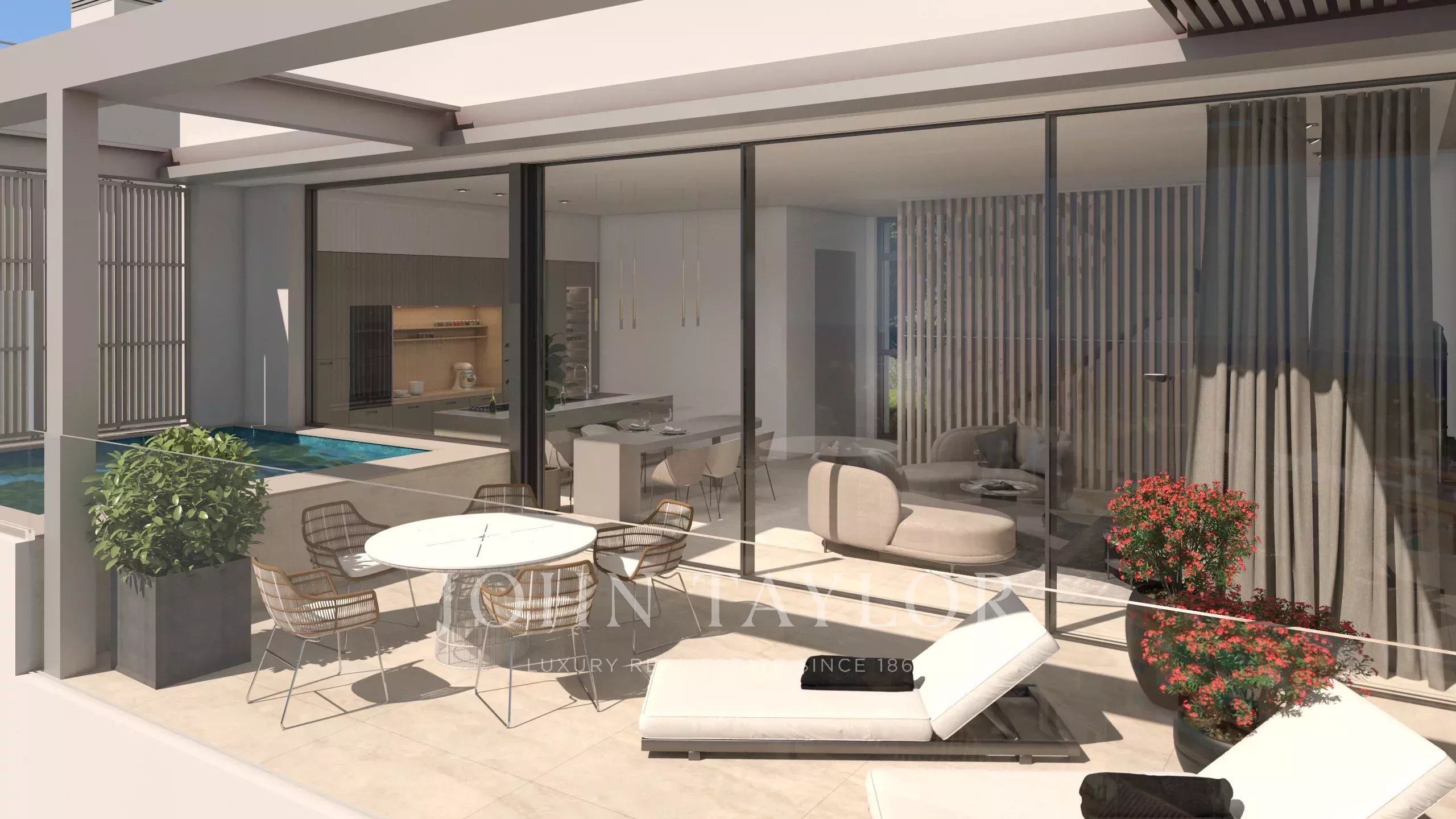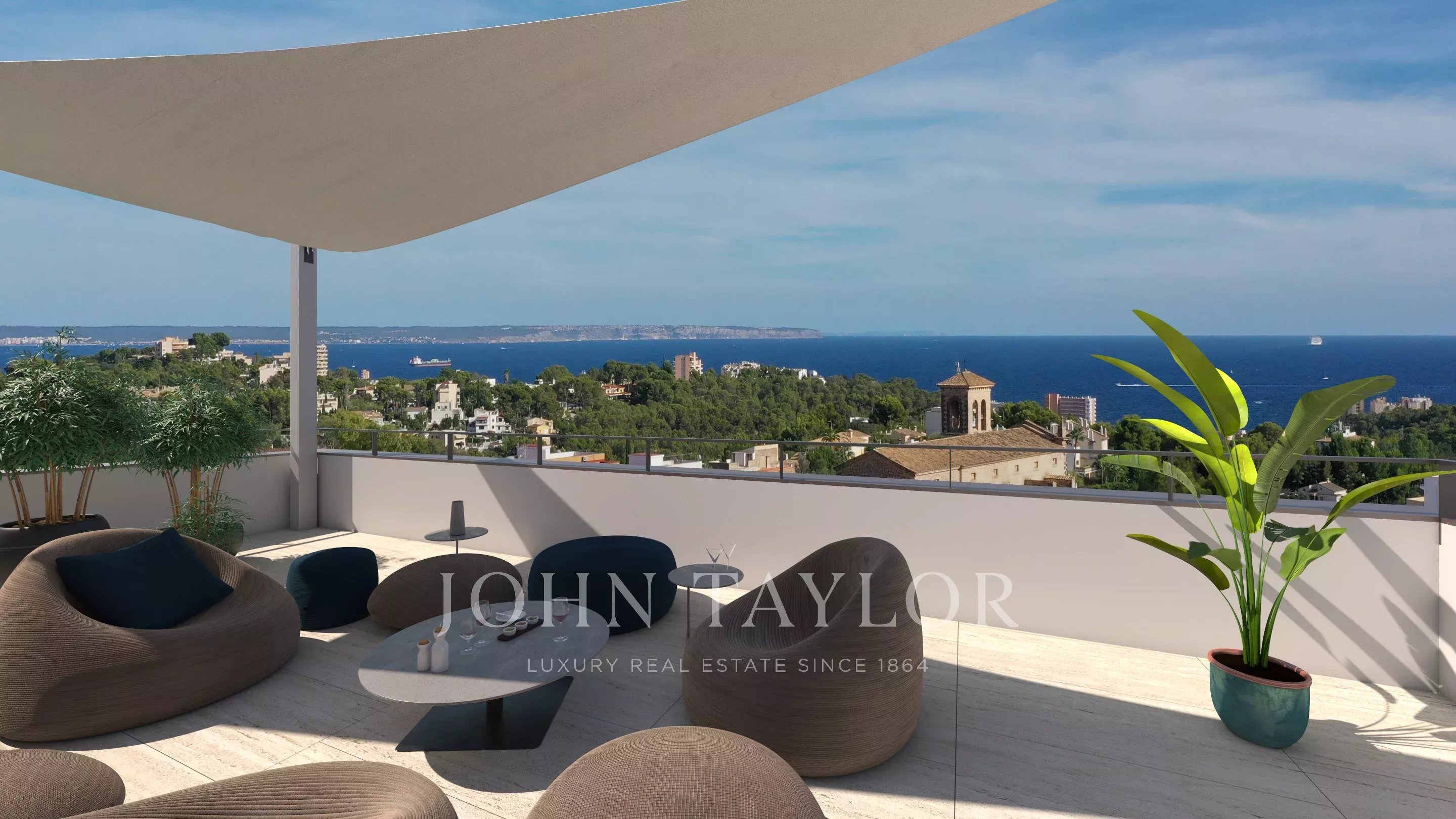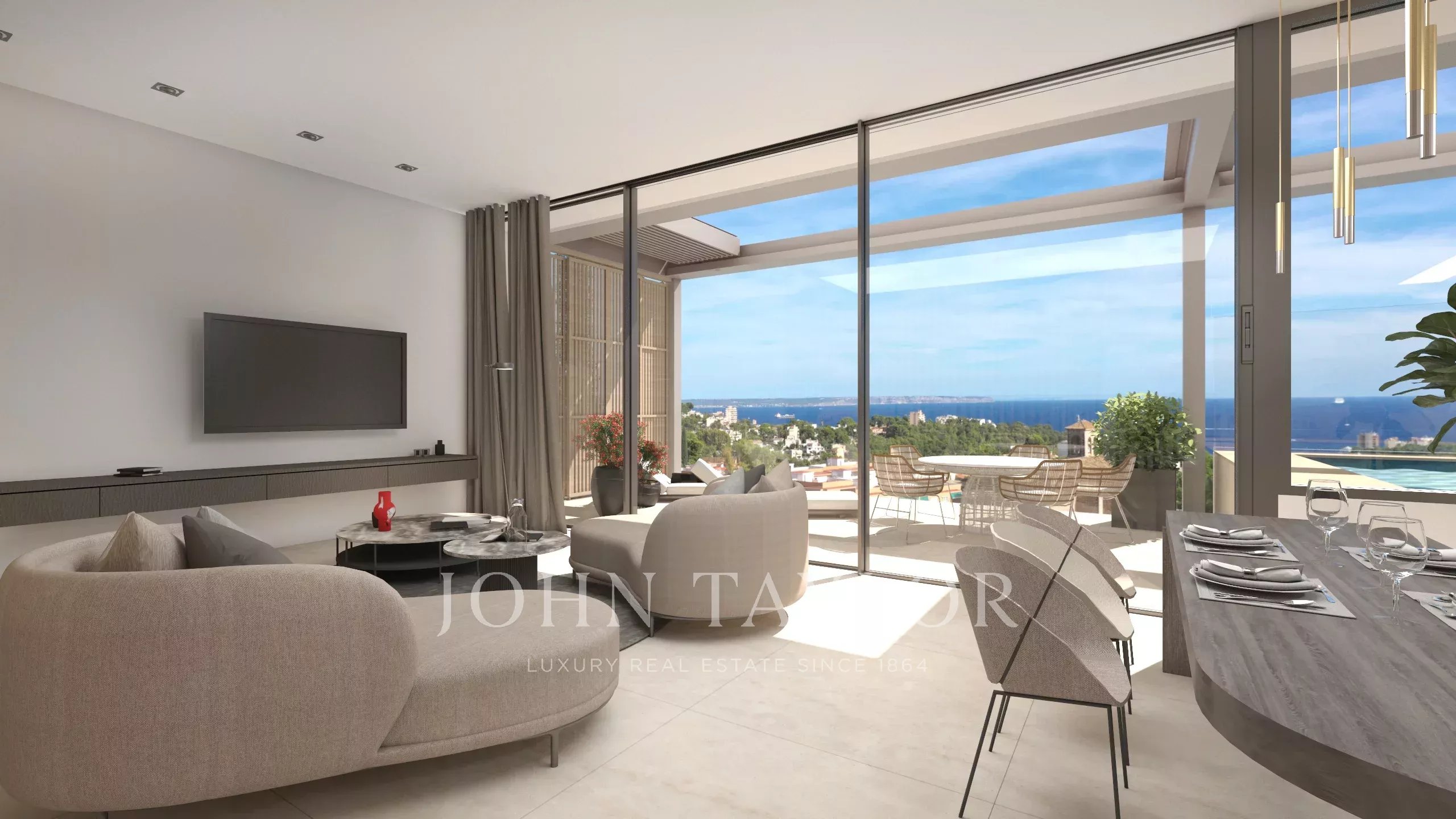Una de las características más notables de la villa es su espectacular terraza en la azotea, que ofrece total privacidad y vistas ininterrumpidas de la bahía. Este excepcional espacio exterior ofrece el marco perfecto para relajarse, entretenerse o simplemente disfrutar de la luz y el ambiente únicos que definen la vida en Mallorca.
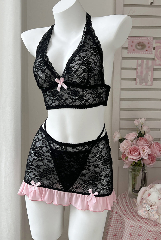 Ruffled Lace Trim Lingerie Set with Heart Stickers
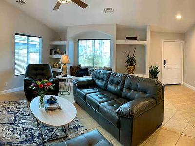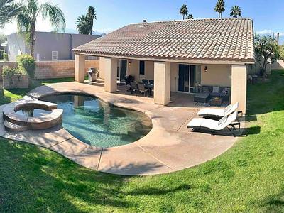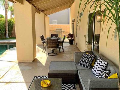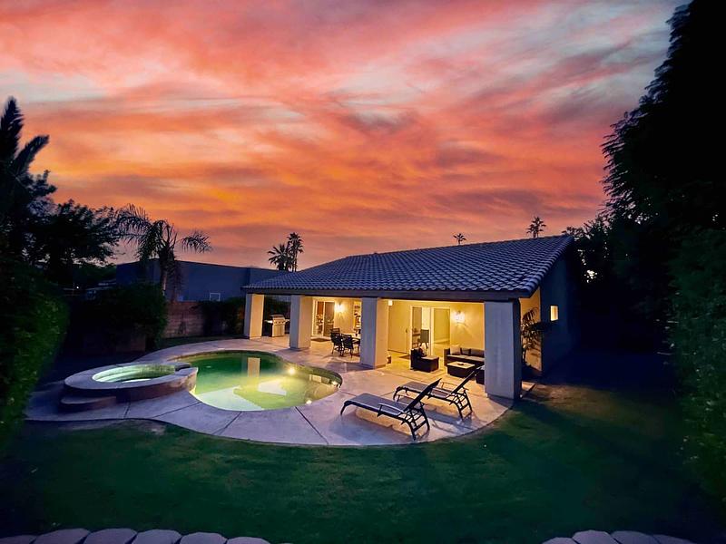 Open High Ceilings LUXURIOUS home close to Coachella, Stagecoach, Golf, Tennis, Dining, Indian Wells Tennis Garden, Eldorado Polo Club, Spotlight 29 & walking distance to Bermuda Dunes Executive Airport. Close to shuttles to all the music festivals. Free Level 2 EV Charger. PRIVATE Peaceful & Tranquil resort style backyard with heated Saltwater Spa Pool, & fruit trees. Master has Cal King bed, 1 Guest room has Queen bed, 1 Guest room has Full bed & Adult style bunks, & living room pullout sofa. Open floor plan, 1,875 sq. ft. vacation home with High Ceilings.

◆ **Problem statement**
What the answer must hold is the exact text of every line from the one containing "Ruffled Lace Trim" through the end of the data, minus any pictures.

◆ **Your response**
 Ruffled Lace Trim Lingerie Set with Heart Stickers
 Open High Ceilings LUXURIOUS home close to Coachella, Stagecoach, Golf, Tennis, Dining, Indian Wells Tennis Garden, Eldorado Polo Club, Spotlight 29 & walking distance to Bermuda Dunes Executive Airport. Close to shuttles to all the music festivals. Free Level 2 EV Charger. PRIVATE Peaceful & Tranquil resort style backyard with heated Saltwater Spa Pool, & fruit trees. Master has Cal King bed, 1 Guest room has Queen bed, 1 Guest room has Full bed & Adult style bunks, & living room pullout sofa. Open floor plan, 1,875 sq. ft. vacation home with High Ceilings.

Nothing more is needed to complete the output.